§ **YOUR TASK**: Among the entries below, retype exactly the lines starting with the one with "on different courts." and going on through the one with "While that enemy", but not the pictures.

§ **PROVIDED DATA**:
══════════════════════════════

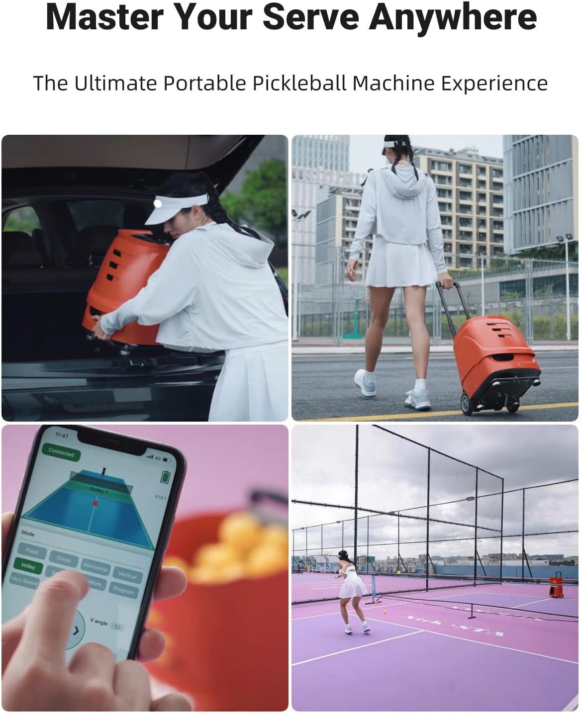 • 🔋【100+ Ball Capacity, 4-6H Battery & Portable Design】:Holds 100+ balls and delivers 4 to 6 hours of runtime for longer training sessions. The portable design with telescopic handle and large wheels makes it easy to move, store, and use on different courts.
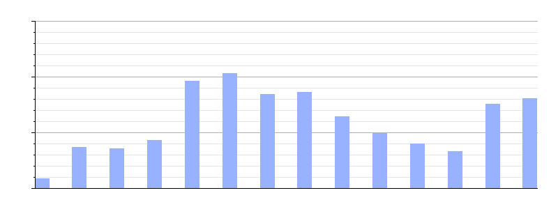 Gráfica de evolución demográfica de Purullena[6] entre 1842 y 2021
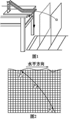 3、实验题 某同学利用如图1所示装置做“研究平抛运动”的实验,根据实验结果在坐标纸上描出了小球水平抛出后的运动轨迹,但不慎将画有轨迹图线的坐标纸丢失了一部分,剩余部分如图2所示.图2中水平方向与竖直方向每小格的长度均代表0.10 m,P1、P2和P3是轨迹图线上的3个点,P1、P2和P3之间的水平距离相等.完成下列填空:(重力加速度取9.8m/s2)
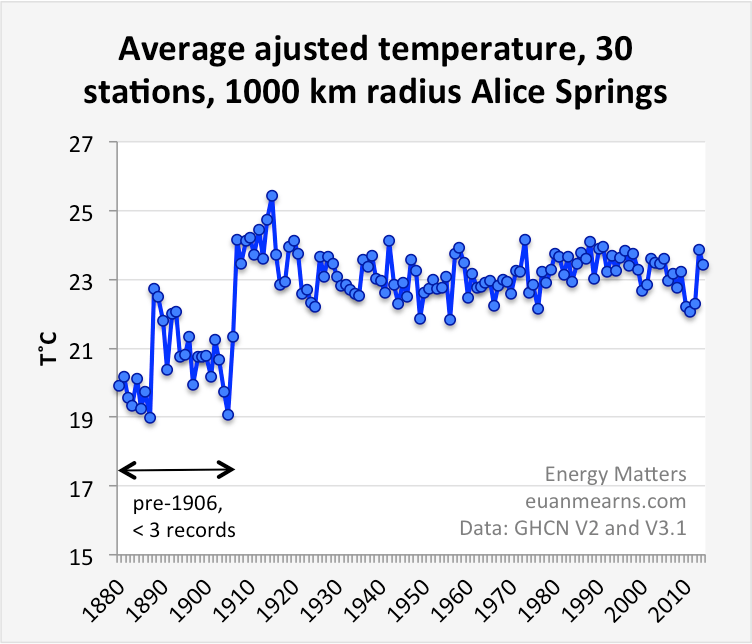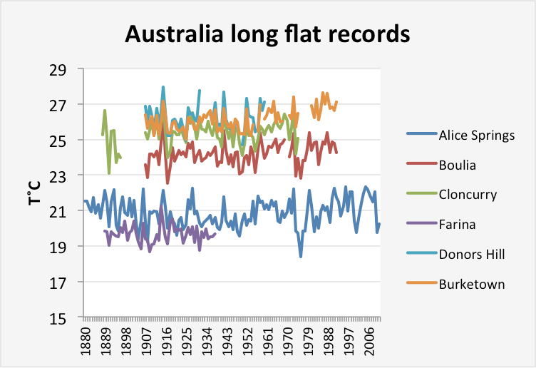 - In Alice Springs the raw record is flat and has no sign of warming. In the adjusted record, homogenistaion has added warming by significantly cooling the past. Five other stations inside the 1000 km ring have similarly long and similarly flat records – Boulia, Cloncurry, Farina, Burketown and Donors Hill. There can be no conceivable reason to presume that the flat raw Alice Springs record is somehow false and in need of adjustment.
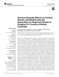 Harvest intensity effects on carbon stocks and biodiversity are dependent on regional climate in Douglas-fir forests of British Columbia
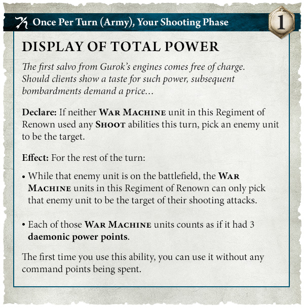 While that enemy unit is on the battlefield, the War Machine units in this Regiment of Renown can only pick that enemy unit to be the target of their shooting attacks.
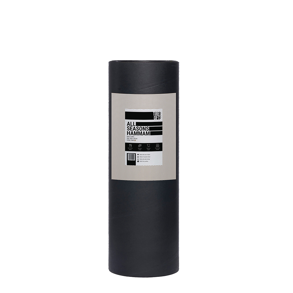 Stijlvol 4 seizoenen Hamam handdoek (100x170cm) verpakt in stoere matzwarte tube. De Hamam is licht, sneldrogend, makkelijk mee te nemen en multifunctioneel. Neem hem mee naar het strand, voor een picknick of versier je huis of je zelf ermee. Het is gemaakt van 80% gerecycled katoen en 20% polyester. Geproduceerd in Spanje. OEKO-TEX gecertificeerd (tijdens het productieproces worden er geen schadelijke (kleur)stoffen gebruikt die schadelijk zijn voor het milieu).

══════════════════════════════

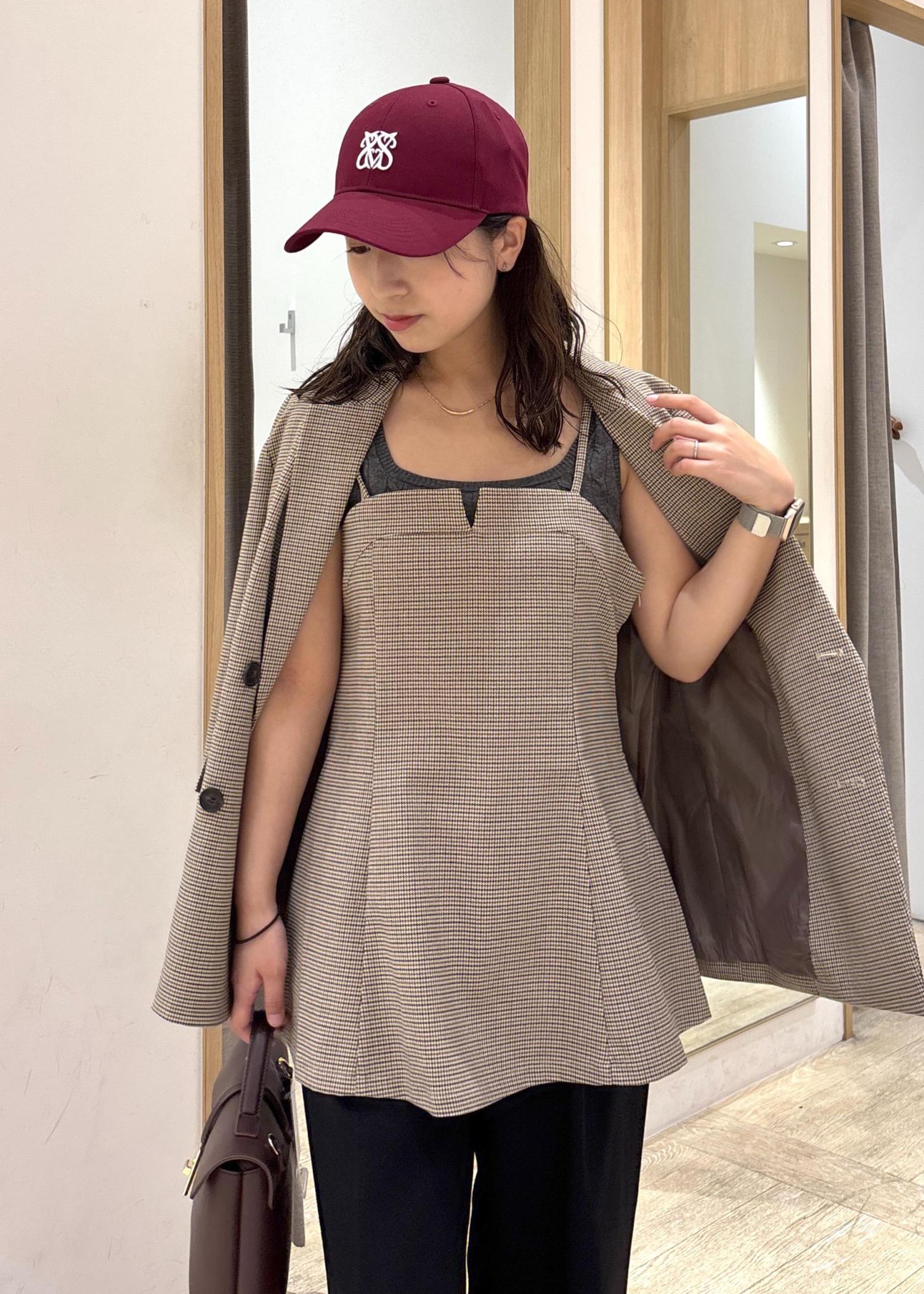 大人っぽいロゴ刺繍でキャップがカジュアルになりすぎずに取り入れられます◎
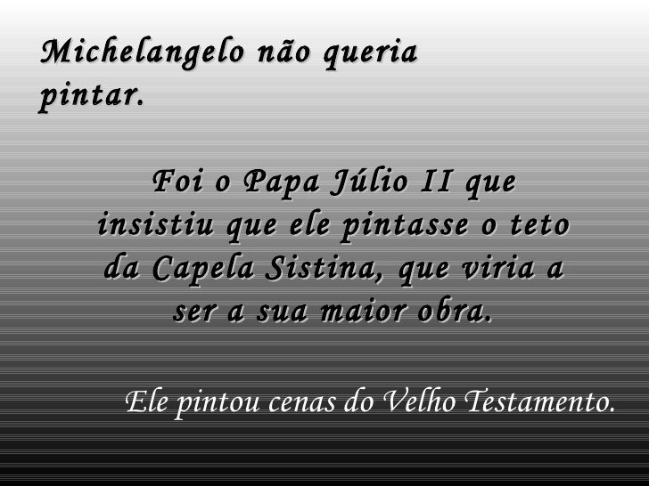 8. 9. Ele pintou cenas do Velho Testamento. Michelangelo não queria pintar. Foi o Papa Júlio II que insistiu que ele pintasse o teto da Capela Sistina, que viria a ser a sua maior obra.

══════════════════════════════

§ **SOLVED EXERCISE**:
 • 🔋【100+ Ball Capacity, 4-6H Battery & Portable Design】:Holds 100+ balls and delivers 4 to 6 hours of runtime for longer training sessions. The portable design with telescopic handle and large wheels makes it easy to move, store, and use on different courts.
 Gráfica de evolución demográfica de Purullena[6] entre 1842 y 2021
 3、实验题 某同学利用如图1所示装置做“研究平抛运动”的实验,根据实验结果在坐标纸上描出了小球水平抛出后的运动轨迹,但不慎将画有轨迹图线的坐标纸丢失了一部分,剩余部分如图2所示.图2中水平方向与竖直方向每小格的长度均代表0.10 m,P1、P2和P3是轨迹图线上的3个点,P1、P2和P3之间的水平距离相等.完成下列填空:(重力加速度取9.8m/s2)
 - In Alice Springs the raw record is flat and has no sign of warming. In the adjusted record, homogenistaion has added warming by significantly cooling the past. Five other stations inside the 1000 km ring have similarly long and similarly flat records – Boulia, Cloncurry, Farina, Burketown and Donors Hill. There can be no conceivable reason to presume that the flat raw Alice Springs record is somehow false and in need of adjustment.
 Harvest intensity effects on carbon stocks and biodiversity are dependent on regional climate in Douglas-fir forests of British Columbia
 While that enemy unit is on the battlefield, the War Machine units in this Regiment of Renown can only pick that enemy unit to be the target of their shooting attacks.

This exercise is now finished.